PROVIDED RECORDS section start
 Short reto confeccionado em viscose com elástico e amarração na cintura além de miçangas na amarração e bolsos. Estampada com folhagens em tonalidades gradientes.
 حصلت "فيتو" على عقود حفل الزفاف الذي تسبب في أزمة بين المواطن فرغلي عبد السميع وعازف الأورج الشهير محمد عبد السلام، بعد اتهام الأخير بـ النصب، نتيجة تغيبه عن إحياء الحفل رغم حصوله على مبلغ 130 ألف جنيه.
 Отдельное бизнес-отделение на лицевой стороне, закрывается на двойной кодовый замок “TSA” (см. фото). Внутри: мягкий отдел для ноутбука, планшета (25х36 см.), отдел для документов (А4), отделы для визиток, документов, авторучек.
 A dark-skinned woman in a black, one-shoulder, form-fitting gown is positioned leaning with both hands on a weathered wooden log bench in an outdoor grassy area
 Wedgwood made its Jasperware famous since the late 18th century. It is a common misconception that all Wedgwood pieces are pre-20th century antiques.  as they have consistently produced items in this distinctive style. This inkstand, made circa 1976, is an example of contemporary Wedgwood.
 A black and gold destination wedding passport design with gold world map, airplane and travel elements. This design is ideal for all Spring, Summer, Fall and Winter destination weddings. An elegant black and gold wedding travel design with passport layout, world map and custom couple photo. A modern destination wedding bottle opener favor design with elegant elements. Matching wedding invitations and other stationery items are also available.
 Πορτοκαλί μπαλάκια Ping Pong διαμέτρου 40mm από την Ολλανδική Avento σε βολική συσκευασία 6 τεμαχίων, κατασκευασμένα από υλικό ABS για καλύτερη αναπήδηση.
PROVIDED RECORDS section end
PROVIDED RECORDS section start
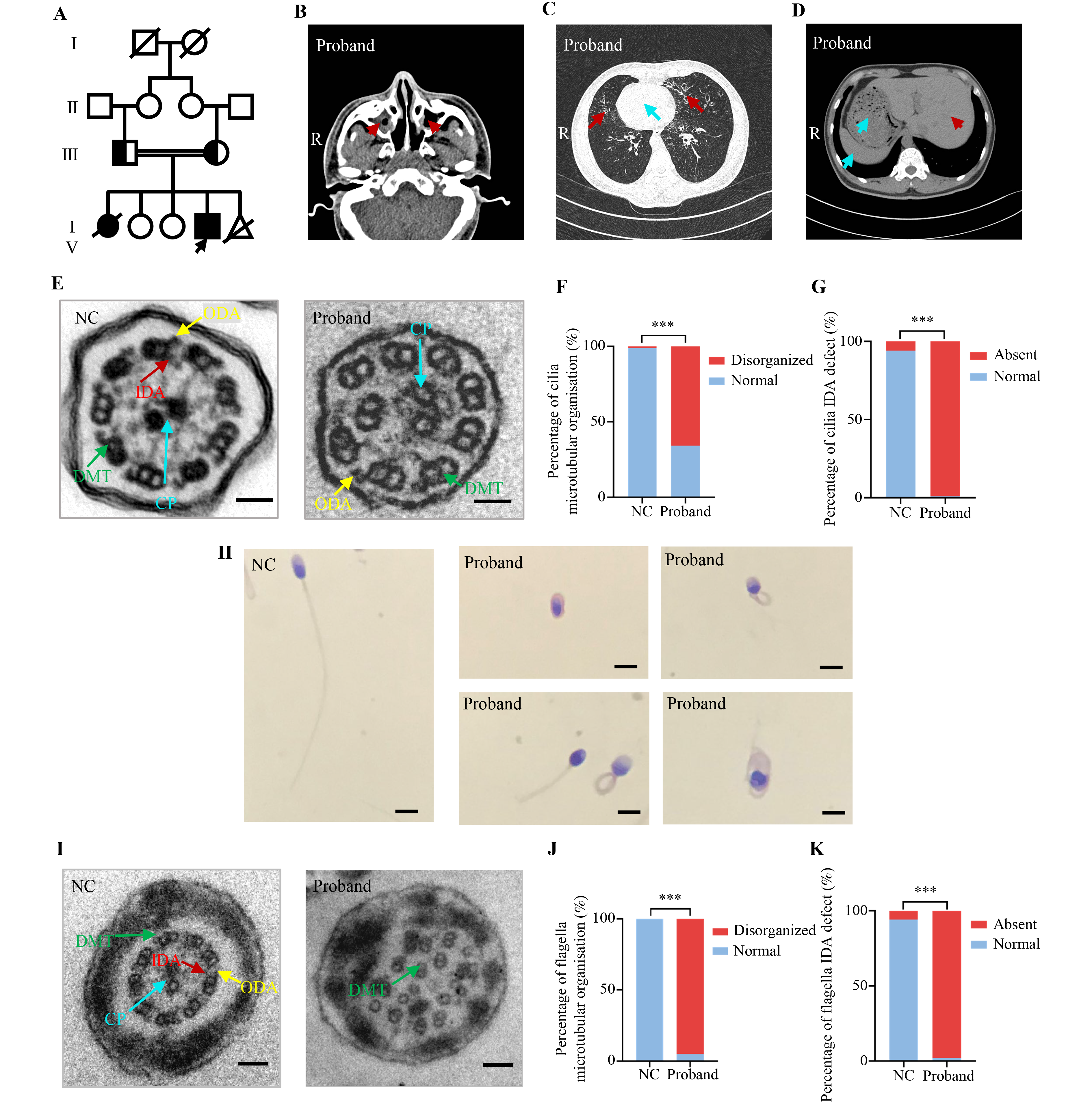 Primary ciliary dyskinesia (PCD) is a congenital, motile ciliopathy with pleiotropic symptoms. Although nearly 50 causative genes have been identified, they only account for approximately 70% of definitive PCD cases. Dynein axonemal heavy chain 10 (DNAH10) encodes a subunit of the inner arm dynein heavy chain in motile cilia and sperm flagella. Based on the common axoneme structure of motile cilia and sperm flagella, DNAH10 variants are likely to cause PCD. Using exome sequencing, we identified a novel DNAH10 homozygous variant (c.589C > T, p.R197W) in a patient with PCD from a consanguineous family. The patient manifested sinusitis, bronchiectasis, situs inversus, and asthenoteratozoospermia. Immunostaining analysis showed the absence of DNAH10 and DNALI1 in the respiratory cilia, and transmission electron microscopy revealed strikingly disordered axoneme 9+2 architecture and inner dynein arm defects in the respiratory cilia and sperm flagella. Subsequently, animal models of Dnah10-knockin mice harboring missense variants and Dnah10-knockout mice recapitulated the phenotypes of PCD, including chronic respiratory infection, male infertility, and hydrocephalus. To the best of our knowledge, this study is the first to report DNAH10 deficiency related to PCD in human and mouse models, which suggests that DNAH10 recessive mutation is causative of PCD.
PROVIDED RECORDS section end
PROVIDED RECORDS section start
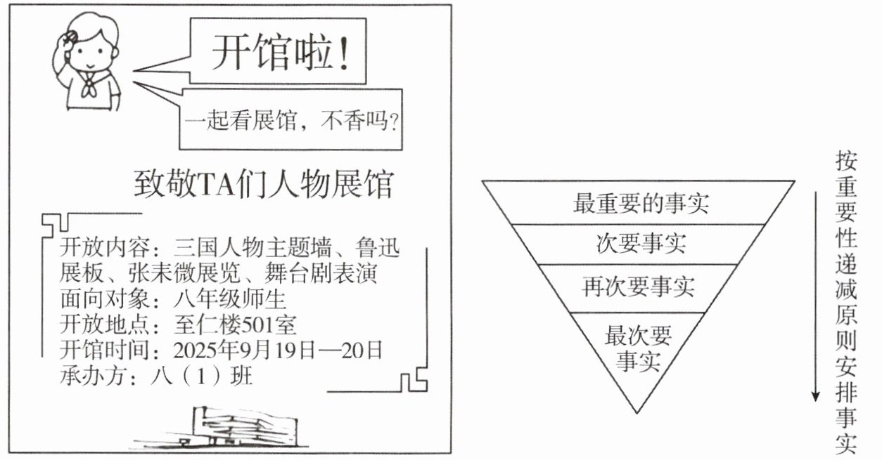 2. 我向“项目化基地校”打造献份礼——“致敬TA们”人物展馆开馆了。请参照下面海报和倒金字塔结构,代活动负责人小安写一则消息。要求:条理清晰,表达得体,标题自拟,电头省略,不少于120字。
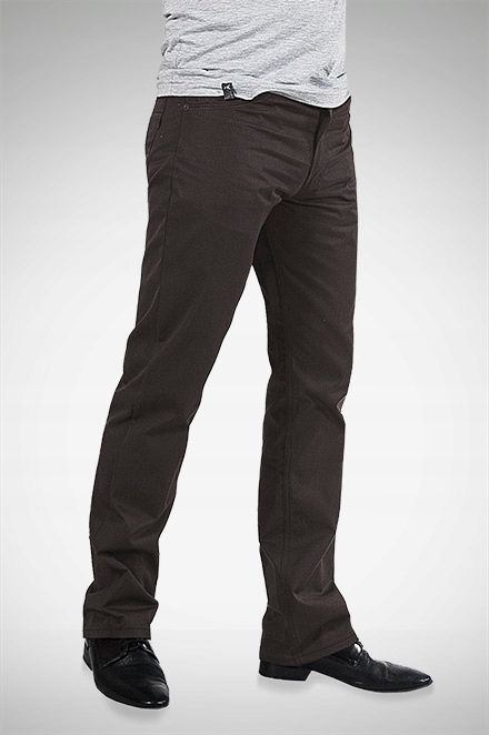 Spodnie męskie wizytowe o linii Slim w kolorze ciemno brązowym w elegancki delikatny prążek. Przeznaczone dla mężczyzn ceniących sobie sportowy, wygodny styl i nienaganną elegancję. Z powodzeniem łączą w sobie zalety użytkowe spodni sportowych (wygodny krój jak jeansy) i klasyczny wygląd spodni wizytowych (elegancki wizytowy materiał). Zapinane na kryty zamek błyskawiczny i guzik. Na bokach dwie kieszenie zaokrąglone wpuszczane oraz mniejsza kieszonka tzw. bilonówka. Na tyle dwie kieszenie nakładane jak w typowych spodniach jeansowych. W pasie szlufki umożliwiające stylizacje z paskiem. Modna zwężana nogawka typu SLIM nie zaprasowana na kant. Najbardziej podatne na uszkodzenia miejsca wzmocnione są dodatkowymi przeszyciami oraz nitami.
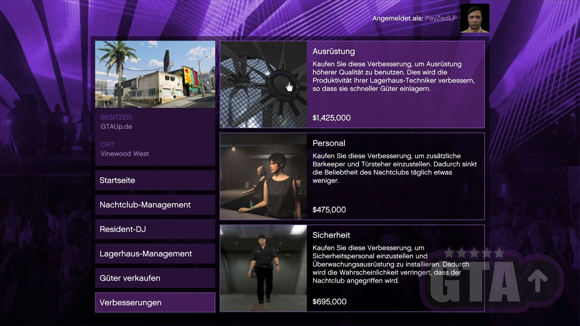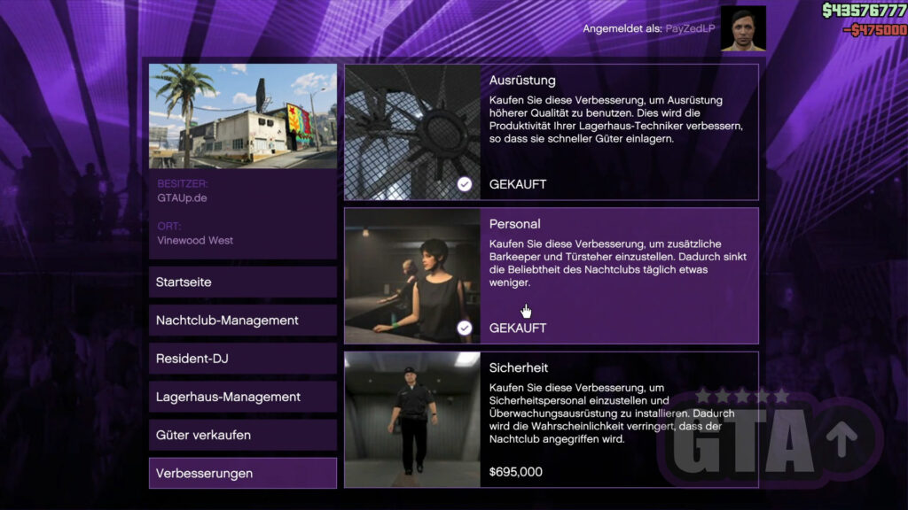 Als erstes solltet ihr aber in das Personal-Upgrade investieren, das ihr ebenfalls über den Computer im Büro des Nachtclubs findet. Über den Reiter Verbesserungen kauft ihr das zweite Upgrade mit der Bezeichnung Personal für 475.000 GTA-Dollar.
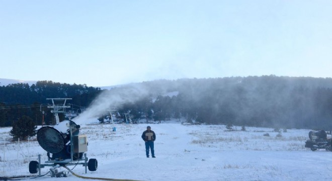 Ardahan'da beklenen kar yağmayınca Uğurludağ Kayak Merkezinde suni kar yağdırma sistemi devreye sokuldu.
PROVIDED RECORDS section end
* **PROBLEM TO SOLVE**
From the line that has "130 ألف جنيه." through the line that has "Wedgwood made its", copy every line exactly as it appears above, and leave out all others.

* **TASK SOLUTION**
 حصلت "فيتو" على عقود حفل الزفاف الذي تسبب في أزمة بين المواطن فرغلي عبد السميع وعازف الأورج الشهير محمد عبد السلام، بعد اتهام الأخير بـ النصب، نتيجة تغيبه عن إحياء الحفل رغم حصوله على مبلغ 130 ألف جنيه.
 Отдельное бизнес-отделение на лицевой стороне, закрывается на двойной кодовый замок “TSA” (см. фото). Внутри: мягкий отдел для ноутбука, планшета (25х36 см.), отдел для документов (А4), отделы для визиток, документов, авторучек.
 A dark-skinned woman in a black, one-shoulder, form-fitting gown is positioned leaning with both hands on a weathered wooden log bench in an outdoor grassy area
 Wedgwood made its Jasperware famous since the late 18th century. It is a common misconception that all Wedgwood pieces are pre-20th century antiques.  as they have consistently produced items in this distinctive style. This inkstand, made circa 1976, is an example of contemporary Wedgwood.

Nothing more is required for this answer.